Savez-vous, monsieur Cloutier, que le titre qui vous permet de prendre le métro et l’autobus ne paie qu’environ 30% des coûts du transport en commun? Je ne dis pas cela pour vous culpabiliser, mais les usagers du transport en commun montréalais sont parmi ceux qui paient la plus petite part de ce que coûte réellement le transport en commun. Une part équivalente, soit un autre 30%, est payée par les automobilistes, à raison de 30$, prélevés annuellement par la SAAQ, pour chaque immatriculation d’un véhicule de promenade, plus 1,5 cents prélevés sur chaque litre d’essence vendu dans le grand Montréal. La plupart de ces automobilistes paient autant que vous, globalement, mais ne mettent jamais les pieds dans les autobus ou dans le métro. Il s’agit là d’une injustice, parce que contrairement à vous, les automobilistes n’ont pas choisi de payer ces sommes; on les prend directement dans leurs poches. Si vous et moi tentions de faire pareil, on nous accuserait de vol, mais comme c’est gouvernemental, cela devient une contribution volontaire, et personne n’a plus rien à dire. Les 40% restants des coûts du transport en commun sont versés par les villes, à même leur budget, c’est à dire par vous et moi, que l’on soit propriétaire (via le compte de taxes municipales) ou locataire (via le loyer, parce qu’une partie de celui-ci sert évidemment à payer les taxes). Ainsi, si les usagers devaient financer eux-mêmes le coût entier du service qu’ils utilisent, ou autrement dit, si l’on appliquait ce que l’on appelle le principe de l’utilisateur-payeur au transport en commun, la passe mensuelle régulière coûterait environ 220$, au lieu des 66,25$ qui seront exigés à compter du 1er janvier 2008.

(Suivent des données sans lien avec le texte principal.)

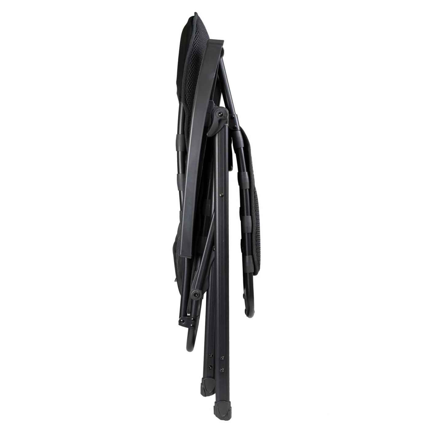 Dimensiones abiertas (ancho x fondo x alto): 75 x 81 x 122 cm. Dimensiones del asiento (ancho x fondo x alto): 57 x 50 x 50 cm. Altura del respaldo: 80 cm. dimensiones plegada: 102 x 75 x 8,5 cm. carga máxima: 160 kg. peso: 8 kg. peso: 8 kg. Color: gris antracita.

Comme vous pouvez le voir, monsieur Cloutier, la frustration que vous vivez, comme de nombreux autres usagers, commence à rejoindre celle des automobilistes qui voient les impôts et taxes qu’ils paient régulièrement aller vers les transports en commun au lieu d’être affectés à la réfection de routes existantes, ou à la construction de nouvelles. Le réseau routier supérieur (les voies rapides) connaît un retard de plus ou moins 25 ans dans son développement, et ce sont les automobilistes qui en paient chaque jour le prix. Mais sur ce point, les automobilistes ne sont pas les seuls à souffrir. L’industrie et le commerce – qui emploie la plupart des gens – essuie des pertes annuelles de revenus d’environ un milliard de dollars à cause des bouchons de circulation, et ces pertes augmentent de 10 à 20% à chaque année. À long terme, cette situation risque de provoquer un exode des entreprises, non pas vers les banlieues de Montréal, mais vers d’autres grands centres, comme Calgary, Toronto ou Vancouver, ou encore vers les USA ou d’autres pays à travers le monde. Il s’agira là de pertes nettes d’emplois, donc de revenus pour les gouvernements, qu’ils soient municipal, provincial ou fédéral. Et qui dit pertes de revenus gouvernementales dit forcément coupures dans les services, y compris celui du transport en commun. Ainsi, l’attitude des environnementalistes, qui vise à s’opposer à tout développement du réseau routier, devient une nouvelle épée de Damoclès pour l’économie du grand Montréal en général, et pour les utilisateurs du transport en commun en particulier.

Donc, monsieur Cloutier, si vous voulez que la STM offre de meilleurs services, il vous faudra communiquer avec tous vos représentants politiques, que ce soit votre conseiller municipal, votre maire, ainsi que vos députés, provincial et fédéral, et leur demander de libéraliser l’économie, afin de permettre à plus de gens de se lancer en affaires, d’éliminer toutes les situations de monopole, et de faire en sorte que la saine concurrence permette à de nombreuses entreprises d’offrir des services de qualité au meilleur prix possible.